Sehr geehrte Frau Präsidentin! Herr Minister Heil! Liebe Kolleginnen und Kollegen! Heute kommen vor allem gut Gebildete, unbefristet Beschäftigte in höheren Positionen in den Genuss von Weiterbildungen, die vom Arbeitgeber mitfinanziert werden. Andere hingegen wie Menschen in niedrigen Einkommensgruppen, geringer Qualifizierte oder Leiharbeiter werden von ihren Arbeitgebern weit weniger unterstützt und nehmen dadurch auch weit weniger an Weiterbildungen teil. Abgehängt sind erwerbslose Menschen. Von den erwerbslosen Hartz-IV-Beziehenden wurden im September 2017 nur 1,5 Prozent mit dem Ziel eines Berufsabschlusses gefördert. Nur 3,3 Prozent von ihnen nahmen an einer Fortbildung teil. Diese ohnehin schon jämmerlichen Zahlen sinken seit Jahren weiter. Das ist ein Armutszeugnis für diese Bundesregierung.
Den Geiz, nur wenige beruflich fortzubilden, können wir uns im Wandel der Arbeitswelt nicht mehr leisten.
Grundsätzlich stehen die Arbeitgeber in der Pflicht, ihre Belegschaften auf die Digitalisierung vorzubereiten, damit sie eine sichere Zukunft im Betrieb haben. Für benachteiligte Gruppen braucht es mehr als unverbindliche Chancen, sie brauchen Rechtsansprüche.
Sonst werden weiterhin primär die schon hoch qualifizierten Beschäftigten gefördert, und das ist völlig unzureichend.
Sie glauben, mit Ihrem Gesetz auf die veränderten Anforderungen des Arbeitsmarktes vorbereitet zu sein. Sie glauben, mit Ihrem Gesetz Beschäftigte präventiv vor technologiebedingter Arbeitslosigkeit zu schützen und gleichzeitig Unternehmen ausreichend mit Fachkräften zu versorgen. Sie haben überhaupt nicht verstanden, dass man Arbeitslosigkeit insbesondere dadurch bekämpft, dass man sich um diejenigen kümmert, die bereits arbeitslos sind.

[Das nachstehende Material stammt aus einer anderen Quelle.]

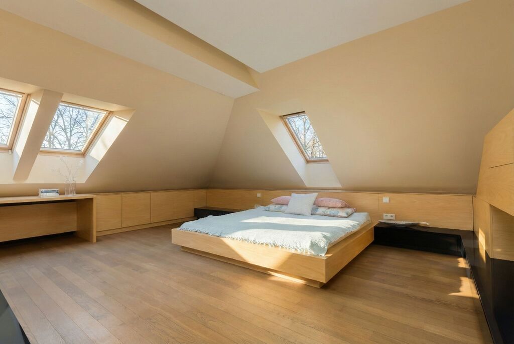 salon z jadalnią i kuchnią oraz 5 sypialni, 2 łazienki, pralnia, garderoba i garaż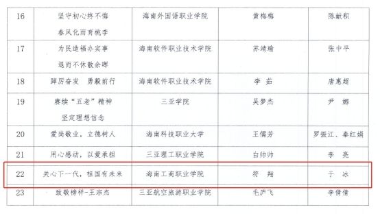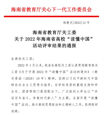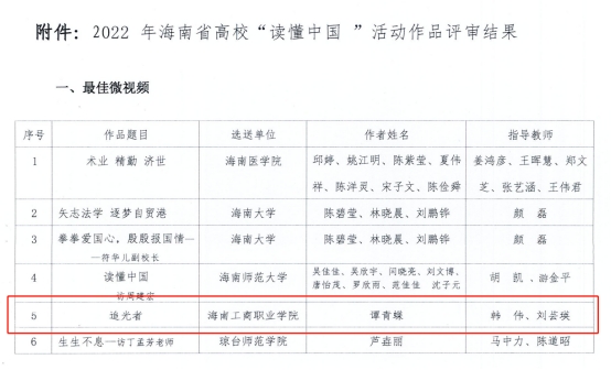 本网讯(通讯员 高 畅)近日,海南省教育厅关工委对2022年海南省高校“读懂中国”活动评审结果发布通报,永利官网推荐的2个作品获奖。其中,由韩伟、刘芸瑛两位老师指导,谭青蝶同学微视频作品《追光者》荣获“最佳微视频”;由于冰老师指导,符翔同学征文作品《关心下一代,祖国有未来》,荣获“优秀征文”奖。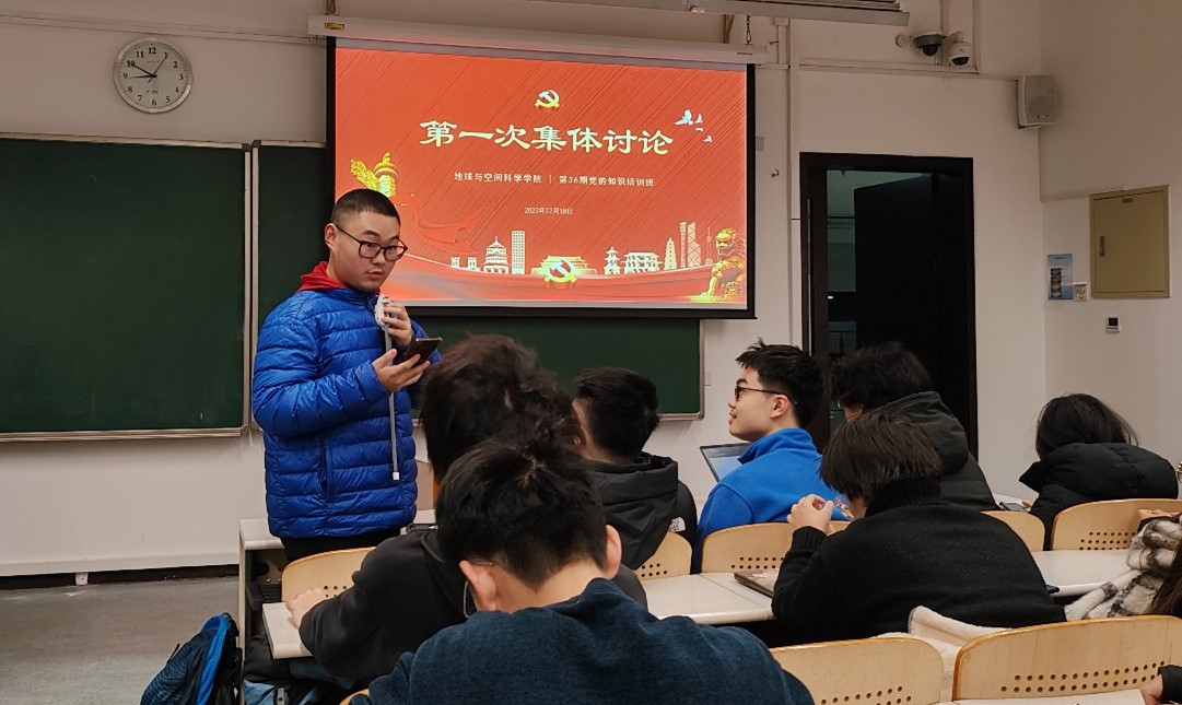 2023年12月18日,地球与空间科学学院第36期党的知识培训班第一次集体讨论在二教507召开,此次集体讨论围绕“端正入党动机,永葆热血初心”主题分小组展开。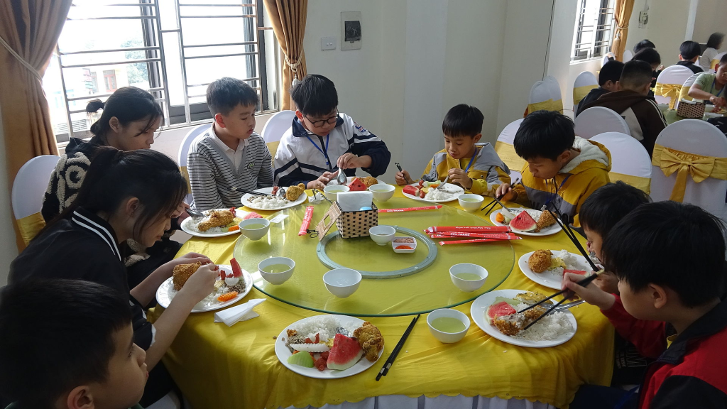 Các em được vẽ tranh cá nhân, nhóm chủ đề thể hiện tâm tư, được nói lên điều con muốn nói, được rèn tính kỷ luật khi xếp hàng ăn trưa…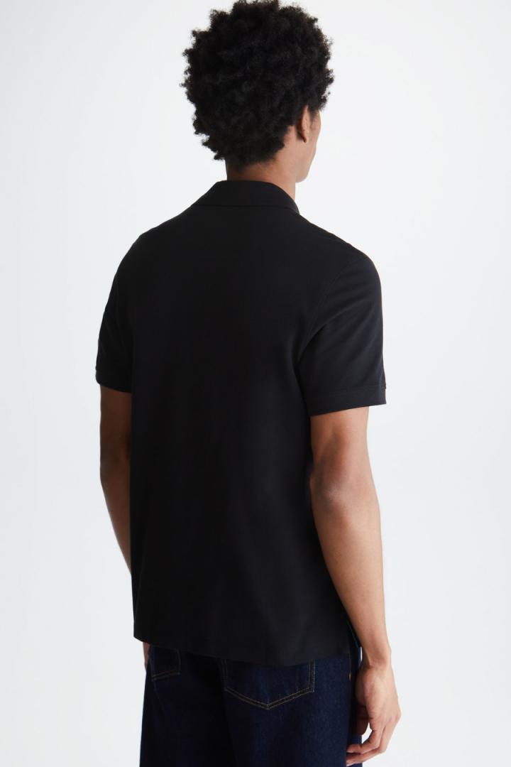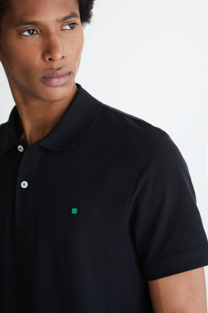 Polo regular fit en piqué de algodón. Cuello clásico con dos botones e hilo de botón a contraste, manga corta y aberturas laterales. Logo cubo bordado a contraste en pecho. El modelo mide 189 cm y lleva una talla M.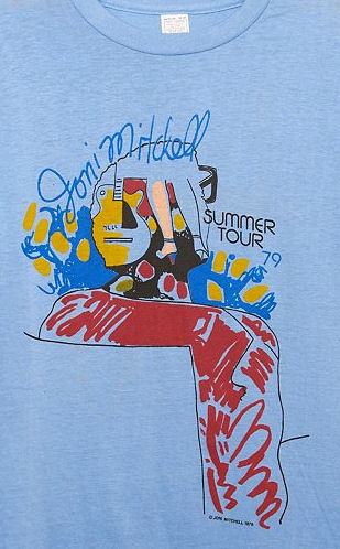 Behind the food and drink was a huge empty blackboard. I had just read an interview Joni and had what I thought was a very cogent response. So I wrote it on the blackboard almost filling it. Not long after I see a guy erasing it. He's the stereotypical backstage manager with coke dust on his nose. I asked him why he was erasing it, he responded, "I don't want anything messing with Joni's head." Well, I could see his point.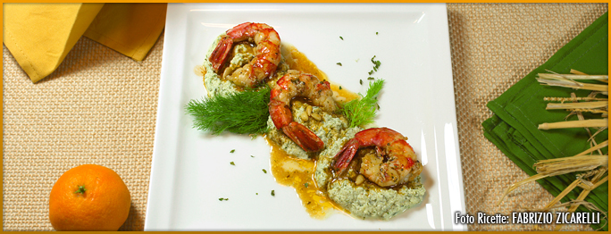 Preparate i piatti mettendo al centro il pesto di finocchi, sistemate sopra 3 gamberi a piatto con un po’ del loro sughetto e decorate con la polvere di liquirizia e un filo di miele.

Ich bin seit 2010 Vorstandsmitglied eines Vereins, der kostenlose und unabhängige Beratung für erwerbslose Menschen anbietet. Ich weiß, dass diese Menschen nur darauf warten, ihr Leben und das ihrer Familien zu verbessern. Deshalb darf es für sie nicht bei der bloßen Beratung bleiben.
Was nötig ist, sind nachhaltige und sinnvolle Weiterbildungsmaßnahmen, die dann auch tatsächlich gefördert werden. Das wäre der richtige Weg, anstatt Arbeitslose nach dem Prinzip der schnellen Vermittlung in prekäre und mies bezahlte Jobs zu drängen.
Was diese Menschen endlich brauchen, sind echte Perspektiven durch einen Rechtsanspruch auf Weiterbildung und auf einen Berufsabschluss.
Liebe Kolleginnen und Kollegen von Union und SPD, Sie werden an diesem Gesetz nicht lange Ihre Freude haben. Ich prophezeie, wir werden spätestens in einem Jahr – sofern die Koalition überhaupt so lange durchhält – erneut über dieses Gesetz beraten müssen; denn die Regelungen für Berufstätige und Betriebe sind viel zu eng und zu kleinlich, sie sind für die Erwerbslosen völlig unzureichend und zementieren deren ohnehin schon schwache Position am Arbeitsmarkt. Ihr guter Wille ist bestimmt vorhanden; aber die Umsetzung ist schlecht. Damit geben wir uns nicht zufrieden.